Exercise:
Copy every entry below verbatim, except for images.

Input:

▼▼▼

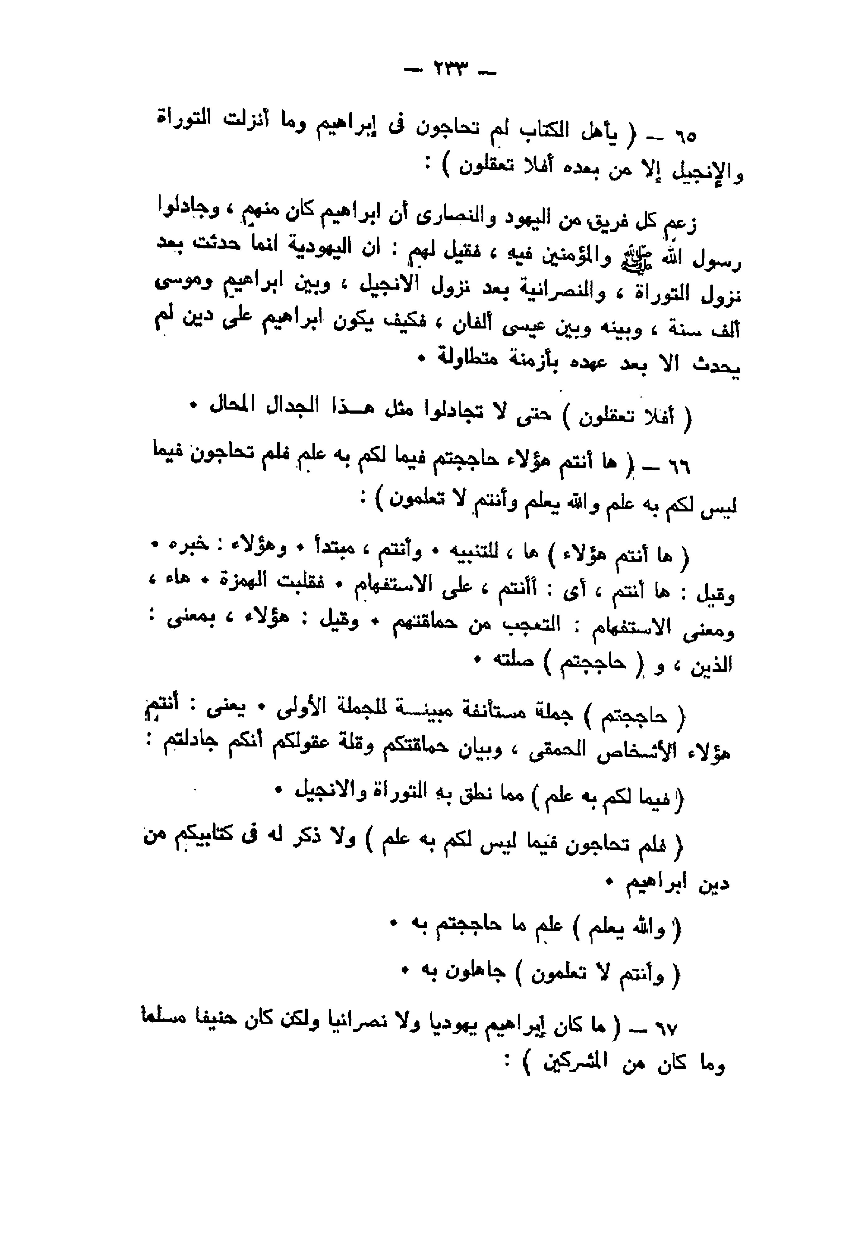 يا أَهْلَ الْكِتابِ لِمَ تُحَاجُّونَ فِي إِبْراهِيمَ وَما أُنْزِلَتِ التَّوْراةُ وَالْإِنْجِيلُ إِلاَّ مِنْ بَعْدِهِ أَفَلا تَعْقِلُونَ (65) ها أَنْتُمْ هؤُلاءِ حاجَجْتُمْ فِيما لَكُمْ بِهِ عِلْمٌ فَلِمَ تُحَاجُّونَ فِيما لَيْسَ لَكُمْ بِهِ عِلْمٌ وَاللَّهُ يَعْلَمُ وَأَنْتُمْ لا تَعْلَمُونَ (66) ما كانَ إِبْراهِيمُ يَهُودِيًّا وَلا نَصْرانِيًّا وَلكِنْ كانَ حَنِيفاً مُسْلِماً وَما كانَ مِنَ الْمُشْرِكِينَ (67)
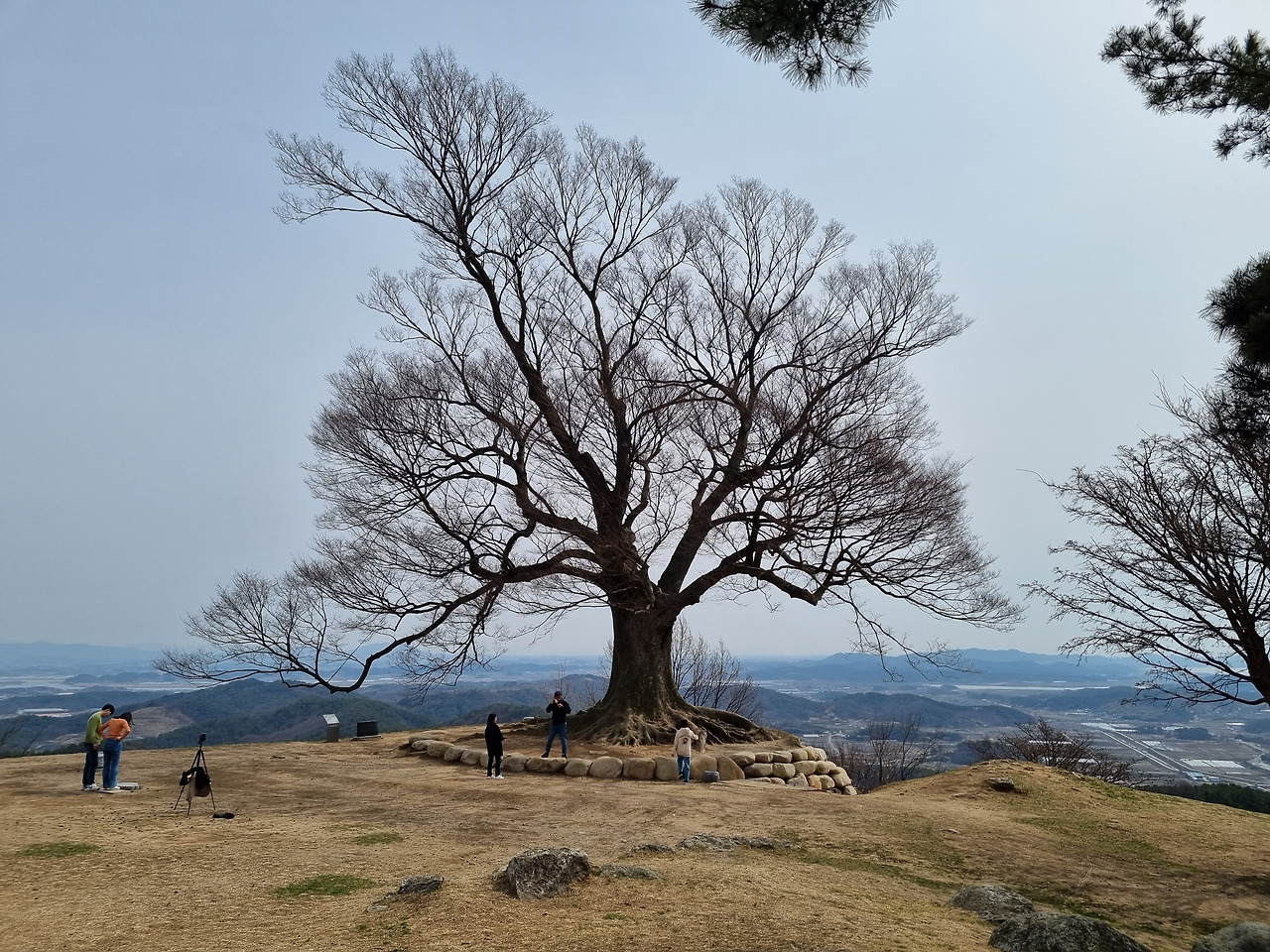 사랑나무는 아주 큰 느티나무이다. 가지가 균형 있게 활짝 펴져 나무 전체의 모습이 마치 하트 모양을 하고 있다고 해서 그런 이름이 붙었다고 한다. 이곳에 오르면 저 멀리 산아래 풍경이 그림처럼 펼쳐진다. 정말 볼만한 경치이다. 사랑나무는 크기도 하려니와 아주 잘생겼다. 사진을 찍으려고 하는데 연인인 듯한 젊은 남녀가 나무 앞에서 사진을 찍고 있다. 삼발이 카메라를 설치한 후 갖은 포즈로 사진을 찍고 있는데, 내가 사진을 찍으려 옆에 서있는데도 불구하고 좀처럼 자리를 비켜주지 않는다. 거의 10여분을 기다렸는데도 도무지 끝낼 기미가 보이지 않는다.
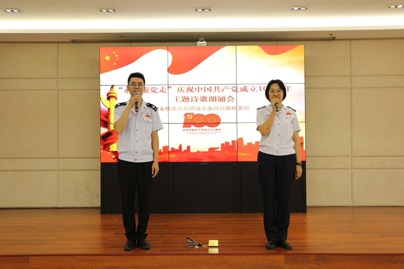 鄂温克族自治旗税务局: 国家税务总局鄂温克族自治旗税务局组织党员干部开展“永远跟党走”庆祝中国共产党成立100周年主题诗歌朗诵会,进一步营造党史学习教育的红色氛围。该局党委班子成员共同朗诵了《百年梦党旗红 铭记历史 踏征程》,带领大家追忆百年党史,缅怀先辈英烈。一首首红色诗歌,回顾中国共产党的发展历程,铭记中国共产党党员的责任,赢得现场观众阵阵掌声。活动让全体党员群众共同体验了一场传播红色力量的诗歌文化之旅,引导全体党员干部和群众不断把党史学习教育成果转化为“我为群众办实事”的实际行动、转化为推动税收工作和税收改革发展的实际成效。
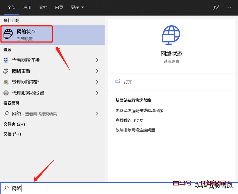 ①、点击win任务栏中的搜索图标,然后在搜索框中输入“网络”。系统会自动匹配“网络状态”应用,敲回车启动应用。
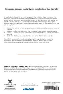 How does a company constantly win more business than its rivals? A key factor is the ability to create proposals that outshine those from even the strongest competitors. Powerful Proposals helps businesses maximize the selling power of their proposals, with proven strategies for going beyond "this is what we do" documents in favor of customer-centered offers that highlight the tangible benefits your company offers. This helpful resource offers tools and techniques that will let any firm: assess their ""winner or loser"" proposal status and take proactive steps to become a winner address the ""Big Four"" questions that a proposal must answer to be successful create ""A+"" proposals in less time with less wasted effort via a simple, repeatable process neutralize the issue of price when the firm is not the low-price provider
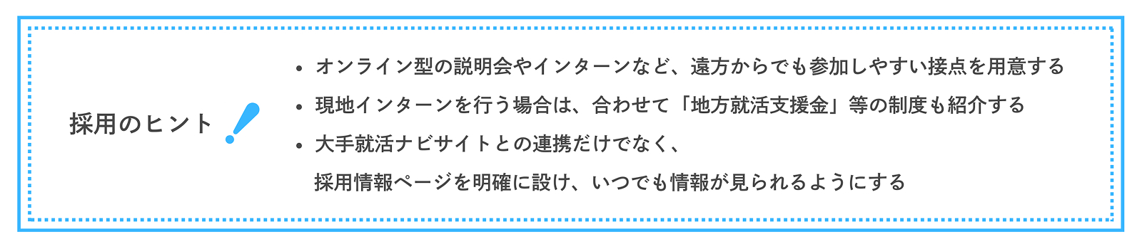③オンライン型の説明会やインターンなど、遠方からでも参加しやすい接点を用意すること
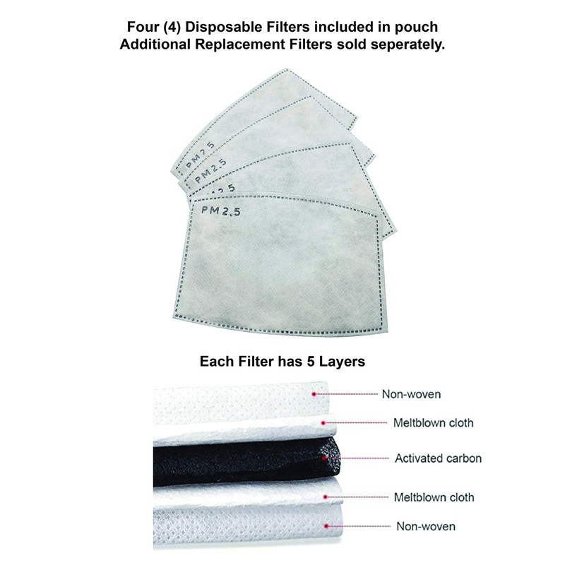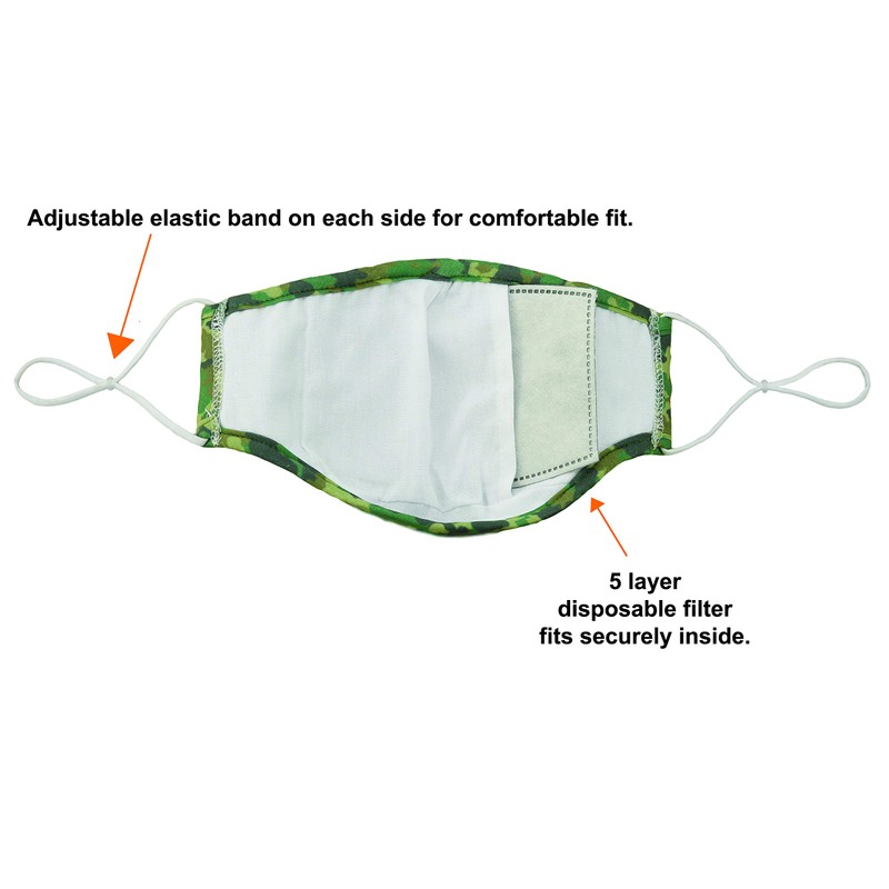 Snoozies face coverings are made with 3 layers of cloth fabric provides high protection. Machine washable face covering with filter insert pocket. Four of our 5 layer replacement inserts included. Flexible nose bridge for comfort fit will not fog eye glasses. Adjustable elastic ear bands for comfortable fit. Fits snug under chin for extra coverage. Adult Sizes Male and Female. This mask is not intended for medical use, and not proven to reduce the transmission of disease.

▲▲▲

Solution:
 يا أَهْلَ الْكِتابِ لِمَ تُحَاجُّونَ فِي إِبْراهِيمَ وَما أُنْزِلَتِ التَّوْراةُ وَالْإِنْجِيلُ إِلاَّ مِنْ بَعْدِهِ أَفَلا تَعْقِلُونَ (65) ها أَنْتُمْ هؤُلاءِ حاجَجْتُمْ فِيما لَكُمْ بِهِ عِلْمٌ فَلِمَ تُحَاجُّونَ فِيما لَيْسَ لَكُمْ بِهِ عِلْمٌ وَاللَّهُ يَعْلَمُ وَأَنْتُمْ لا تَعْلَمُونَ (66) ما كانَ إِبْراهِيمُ يَهُودِيًّا وَلا نَصْرانِيًّا وَلكِنْ كانَ حَنِيفاً مُسْلِماً وَما كانَ مِنَ الْمُشْرِكِينَ (67)
 사랑나무는 아주 큰 느티나무이다. 가지가 균형 있게 활짝 펴져 나무 전체의 모습이 마치 하트 모양을 하고 있다고 해서 그런 이름이 붙었다고 한다. 이곳에 오르면 저 멀리 산아래 풍경이 그림처럼 펼쳐진다. 정말 볼만한 경치이다. 사랑나무는 크기도 하려니와 아주 잘생겼다. 사진을 찍으려고 하는데 연인인 듯한 젊은 남녀가 나무 앞에서 사진을 찍고 있다. 삼발이 카메라를 설치한 후 갖은 포즈로 사진을 찍고 있는데, 내가 사진을 찍으려 옆에 서있는데도 불구하고 좀처럼 자리를 비켜주지 않는다. 거의 10여분을 기다렸는데도 도무지 끝낼 기미가 보이지 않는다.
 鄂温克族自治旗税务局: 国家税务总局鄂温克族自治旗税务局组织党员干部开展“永远跟党走”庆祝中国共产党成立100周年主题诗歌朗诵会,进一步营造党史学习教育的红色氛围。该局党委班子成员共同朗诵了《百年梦党旗红 铭记历史 踏征程》,带领大家追忆百年党史,缅怀先辈英烈。一首首红色诗歌,回顾中国共产党的发展历程,铭记中国共产党党员的责任,赢得现场观众阵阵掌声。活动让全体党员群众共同体验了一场传播红色力量的诗歌文化之旅,引导全体党员干部和群众不断把党史学习教育成果转化为“我为群众办实事”的实际行动、转化为推动税收工作和税收改革发展的实际成效。
 ①、点击win任务栏中的搜索图标,然后在搜索框中输入“网络”。系统会自动匹配“网络状态”应用,敲回车启动应用。
 How does a company constantly win more business than its rivals? A key factor is the ability to create proposals that outshine those from even the strongest competitors. Powerful Proposals helps businesses maximize the selling power of their proposals, with proven strategies for going beyond "this is what we do" documents in favor of customer-centered offers that highlight the tangible benefits your company offers. This helpful resource offers tools and techniques that will let any firm: assess their ""winner or loser"" proposal status and take proactive steps to become a winner address the ""Big Four"" questions that a proposal must answer to be successful create ""A+"" proposals in less time with less wasted effort via a simple, repeatable process neutralize the issue of price when the firm is not the low-price provider
③オンライン型の説明会やインターンなど、遠方からでも参加しやすい接点を用意すること
 Snoozies face coverings are made with 3 layers of cloth fabric provides high protection. Machine washable face covering with filter insert pocket. Four of our 5 layer replacement inserts included. Flexible nose bridge for comfort fit will not fog eye glasses. Adjustable elastic ear bands for comfortable fit. Fits snug under chin for extra coverage. Adult Sizes Male and Female. This mask is not intended for medical use, and not proven to reduce the transmission of disease.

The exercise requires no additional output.